**Input data**

= = = =

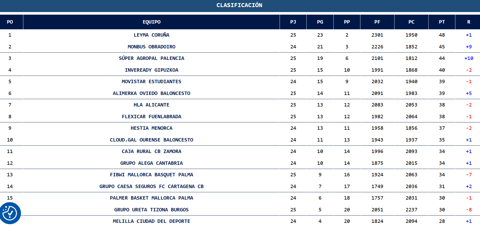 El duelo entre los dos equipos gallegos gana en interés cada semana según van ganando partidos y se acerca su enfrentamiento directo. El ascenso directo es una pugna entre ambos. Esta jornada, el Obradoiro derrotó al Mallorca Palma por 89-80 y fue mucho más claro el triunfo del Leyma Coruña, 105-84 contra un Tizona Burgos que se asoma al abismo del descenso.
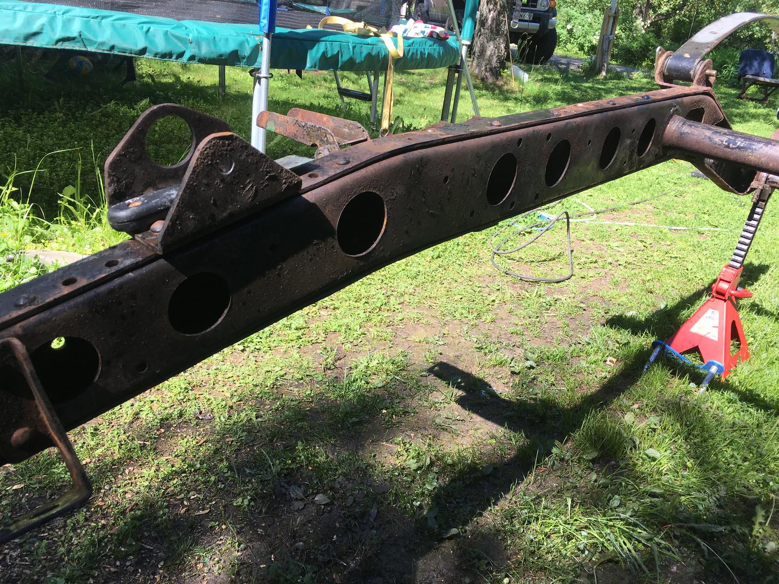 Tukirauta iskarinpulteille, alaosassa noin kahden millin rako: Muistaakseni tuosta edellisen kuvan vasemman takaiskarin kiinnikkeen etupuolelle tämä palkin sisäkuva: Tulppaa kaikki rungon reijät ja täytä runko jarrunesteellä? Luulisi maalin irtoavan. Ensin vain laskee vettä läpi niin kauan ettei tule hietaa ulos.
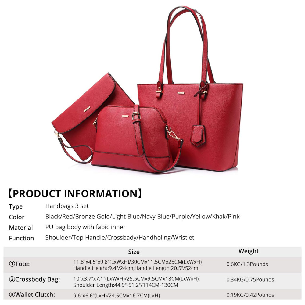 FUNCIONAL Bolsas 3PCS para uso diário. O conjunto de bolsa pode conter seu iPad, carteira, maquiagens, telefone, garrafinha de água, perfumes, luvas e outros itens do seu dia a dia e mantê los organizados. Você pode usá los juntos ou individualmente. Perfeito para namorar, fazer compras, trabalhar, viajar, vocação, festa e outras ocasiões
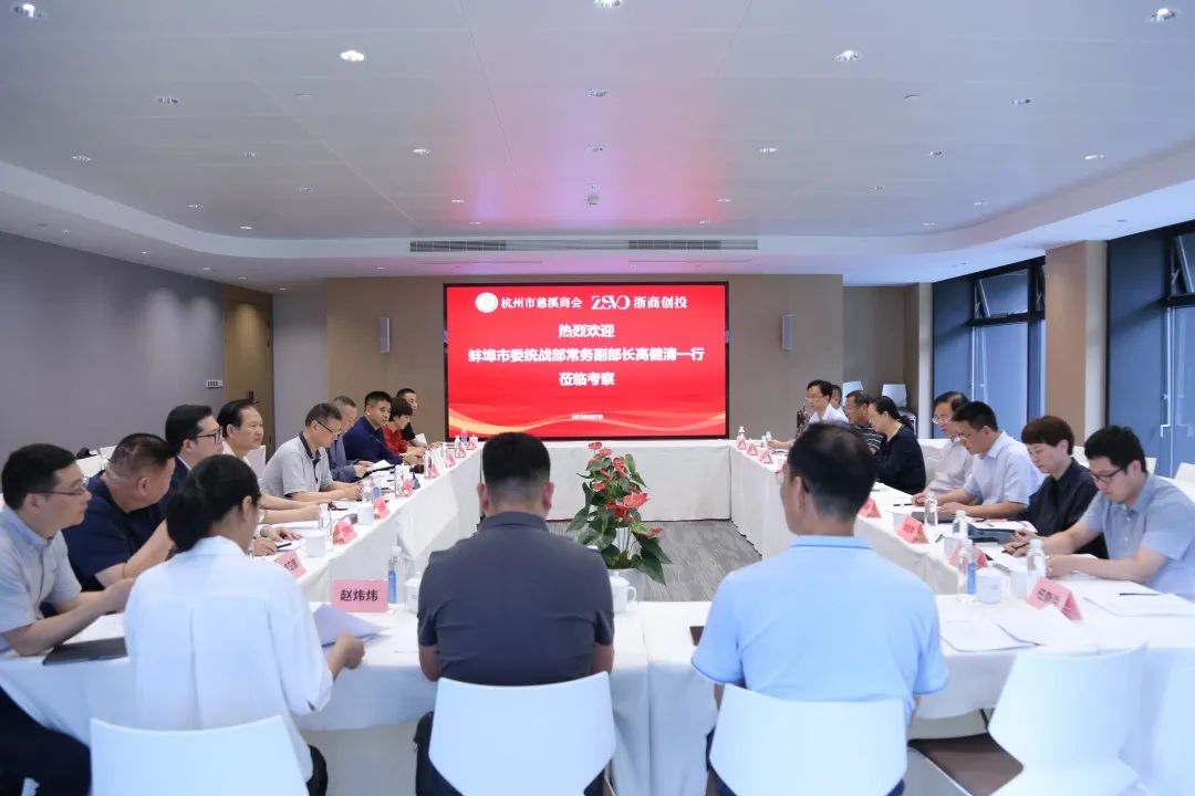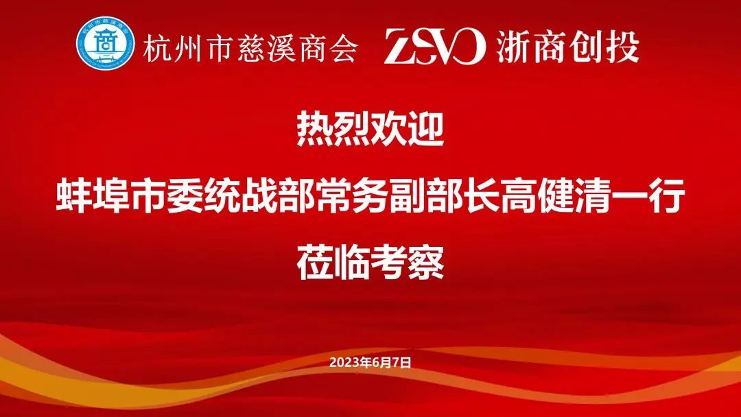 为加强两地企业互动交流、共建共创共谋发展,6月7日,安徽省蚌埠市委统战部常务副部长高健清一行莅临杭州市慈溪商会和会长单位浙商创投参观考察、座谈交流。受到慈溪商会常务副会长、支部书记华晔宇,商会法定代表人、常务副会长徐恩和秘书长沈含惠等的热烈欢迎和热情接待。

= = = =

**Problem to work on**
Reproduce exactly the lines above from the one with "FUNCIONAL Bolsas 3PCS" through the last line of the data, keeping both ends and dropping the pictures.

**Answer box**
 FUNCIONAL Bolsas 3PCS para uso diário. O conjunto de bolsa pode conter seu iPad, carteira, maquiagens, telefone, garrafinha de água, perfumes, luvas e outros itens do seu dia a dia e mantê los organizados. Você pode usá los juntos ou individualmente. Perfeito para namorar, fazer compras, trabalhar, viajar, vocação, festa e outras ocasiões
 为加强两地企业互动交流、共建共创共谋发展,6月7日,安徽省蚌埠市委统战部常务副部长高健清一行莅临杭州市慈溪商会和会长单位浙商创投参观考察、座谈交流。受到慈溪商会常务副会长、支部书记华晔宇,商会法定代表人、常务副会长徐恩和秘书长沈含惠等的热烈欢迎和热情接待。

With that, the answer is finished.